Lynne is survived by her sister, Clare LaFlamme, of Gardiner; son, William Bradford Sparrow Jr. “Brad” and his wife, Nancy, of Pittston, daughter, Deborah L. Sparrow, and her favorite son-in-law, Marc Cone. She is also survived by grandchildren Elizabeth Chaisson (Travis), Emily Sparrow, Jacob Sparrow (Roxann), Isac Cone (Julie St. Jarre), Alec Cone, and Camden Cone; as well as eight great-grandchildren and another due in September.

She was predeceased by her daughter, Patricia Anne, who died in 1984 at the age of 22. She was always in her heart and never far from her thoughts.

At Lynne’s request, there will be no public service or visiting hours. She will be interred at the Putnam Cemetery in Pittston, near her daughter. Special thanks to her care teams from Maine General Medical Center, the Dorothea Dix Center, and Androscoggin Home Health Care, as well as her personal caregiver for the past few years, Tina Guimond. Thank you all for helping her be able to spend her last weeks at home.
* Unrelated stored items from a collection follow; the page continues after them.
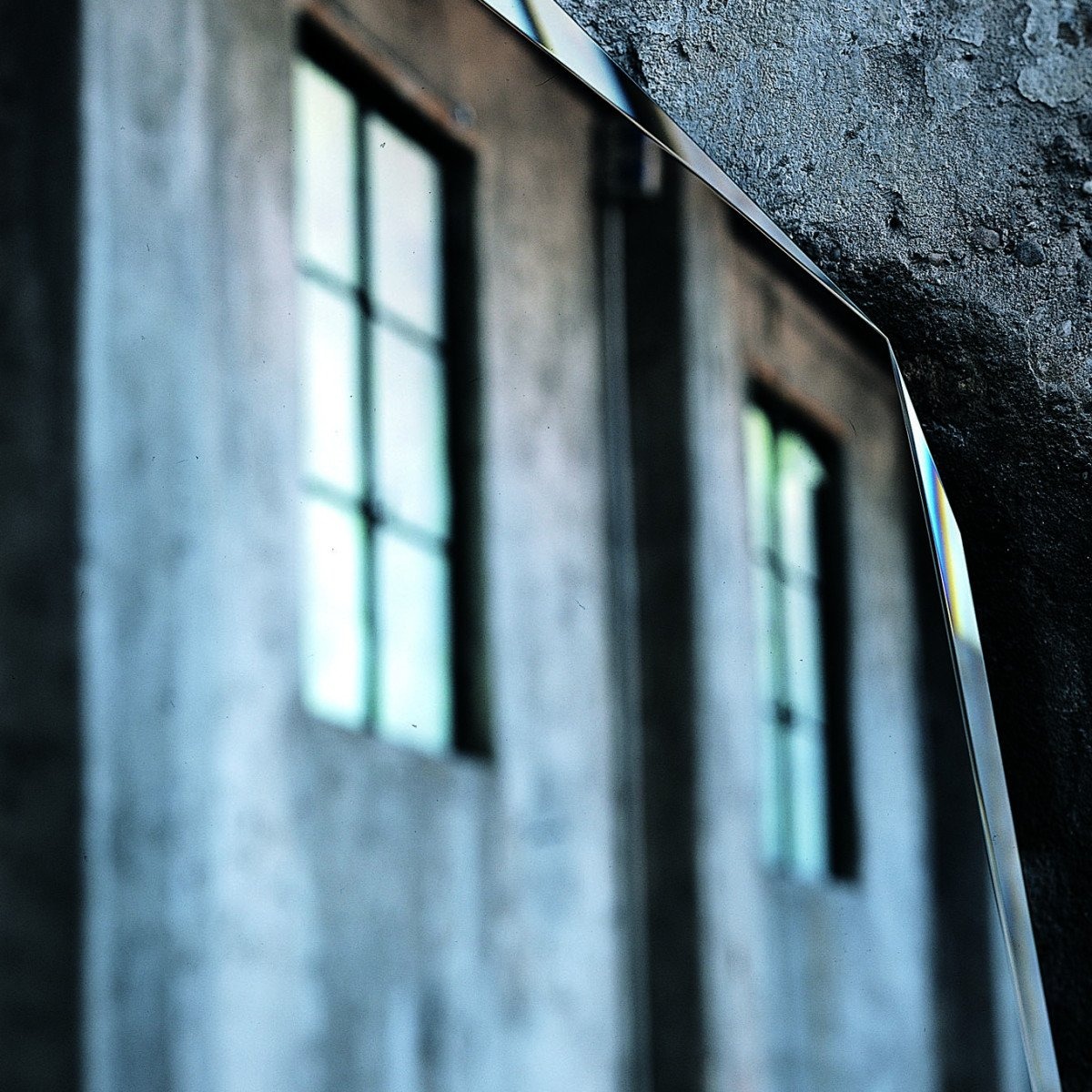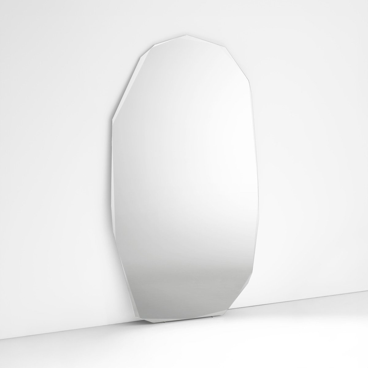 Стоячее зеркало неправильной формы с ограненным периметром и специальными фасками с переменной глубиной и наклоном.
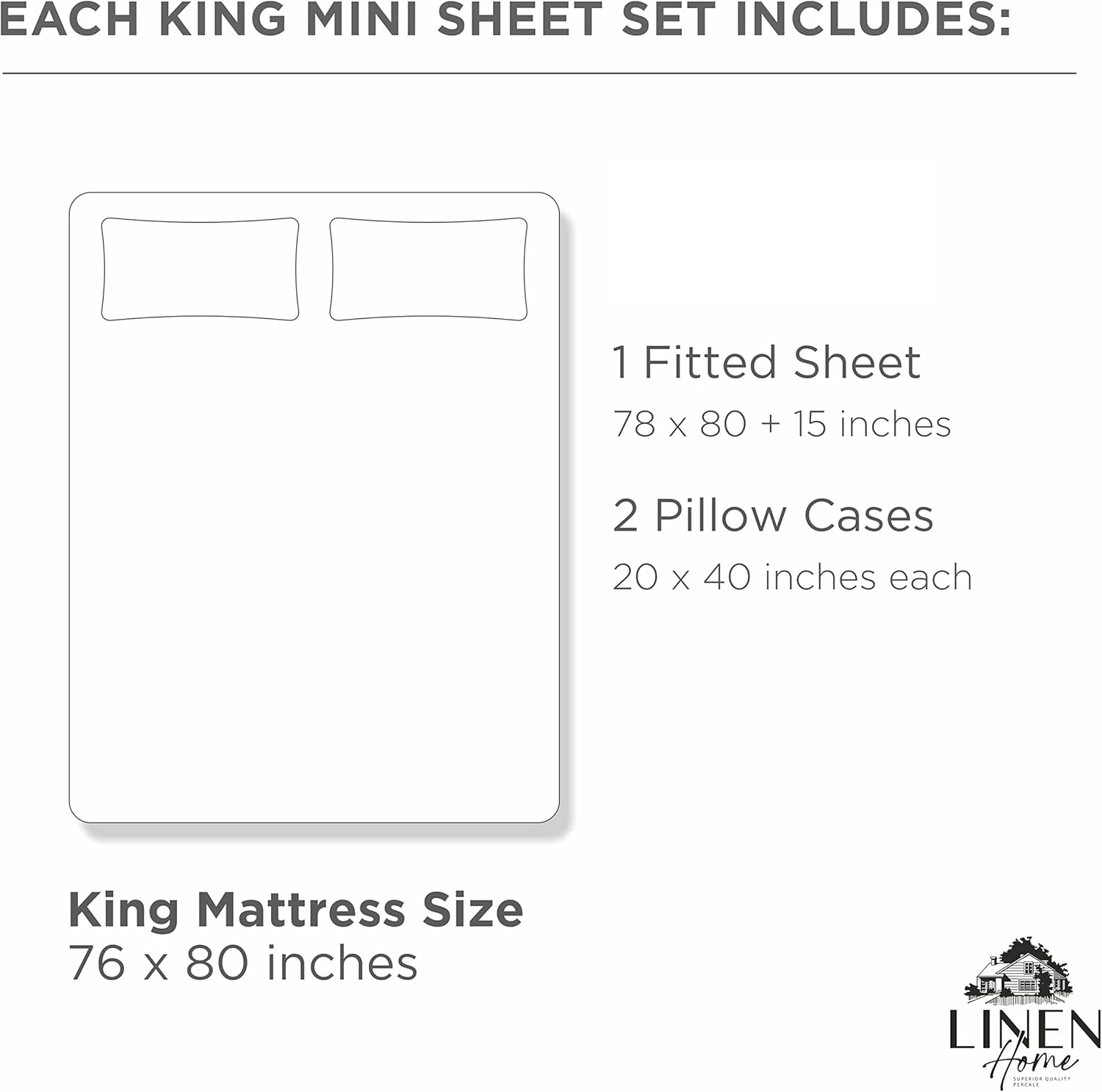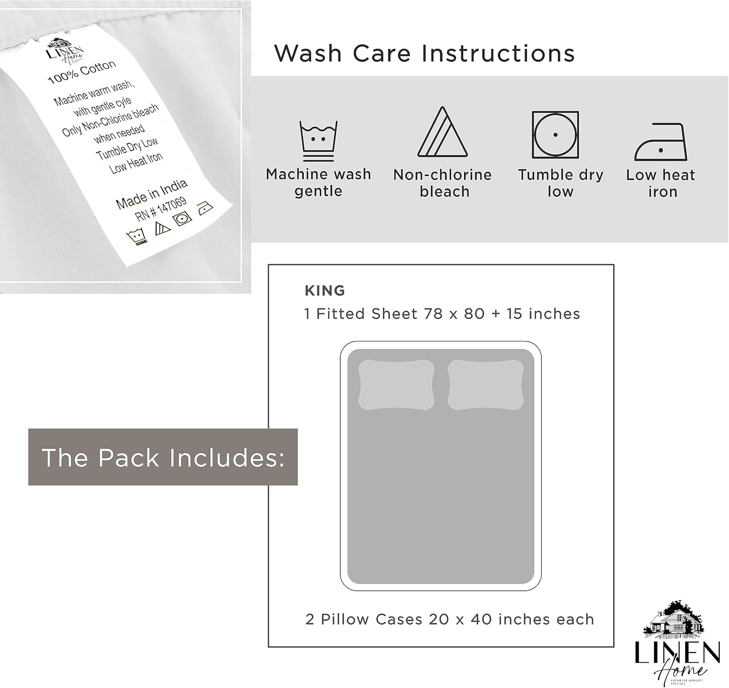 Linen Home 100% Cotton Percale Fitted Sheet Set King Size, Ivory, Deep Pocket, 3 Piece - 1 Deep Pocket Fitted Sheet and 2 Pillowcases, Crisp Cool and Strong Bed Linen
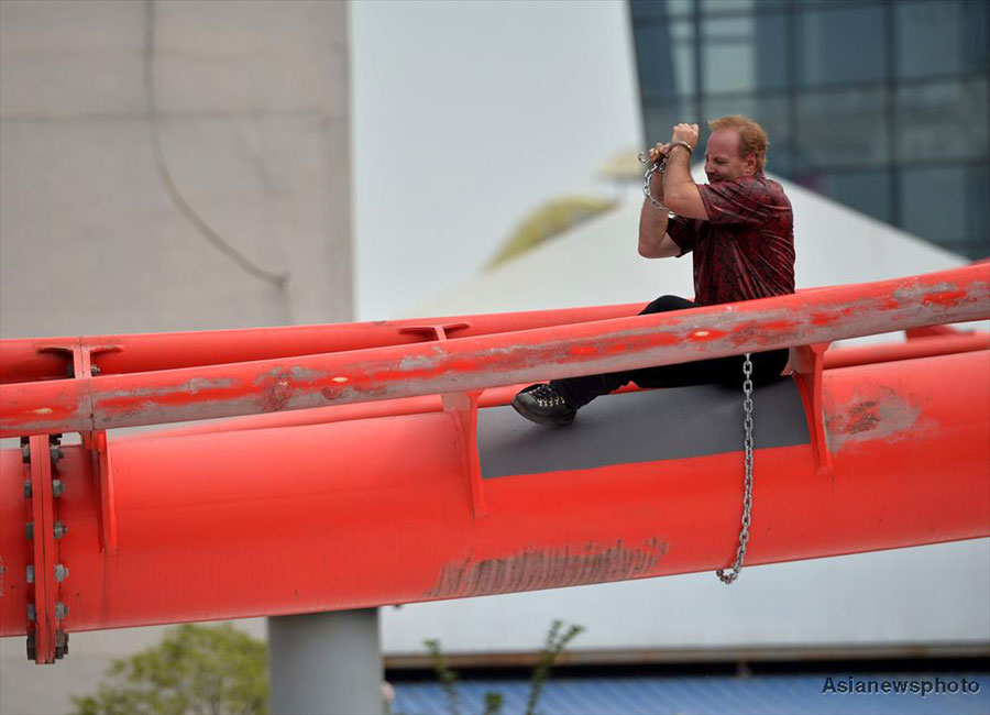 Dean Gunnarson attempts to escape from the locks on the track of the roller coaster at a theme park in Wuhan, central China's Hubei Province on September 28, 2015. As a heavy-weight magician invited by Happy Valley, the theme park, Gunnarson will perform a high-altitude escape twice there from October 1 to 7. [Photo: Asianewsphoto]

In Lynne’s memory, raise a toast to the beauty of the human spirit, and in the words of Maya Angelou,

“Continue

To be who and how you are

To astonish a mean world

With your acts of kindness

Continue

To allow humor to lighten the burden

Of your tender heart”

Arrangements are under the care of Staples Funeral Home, 53 Brunswick Ave., Gardiner, where condolences, memories and photos may be shared with the family on the obituary page of the funeral home website familyfirstfuneralhomes.com.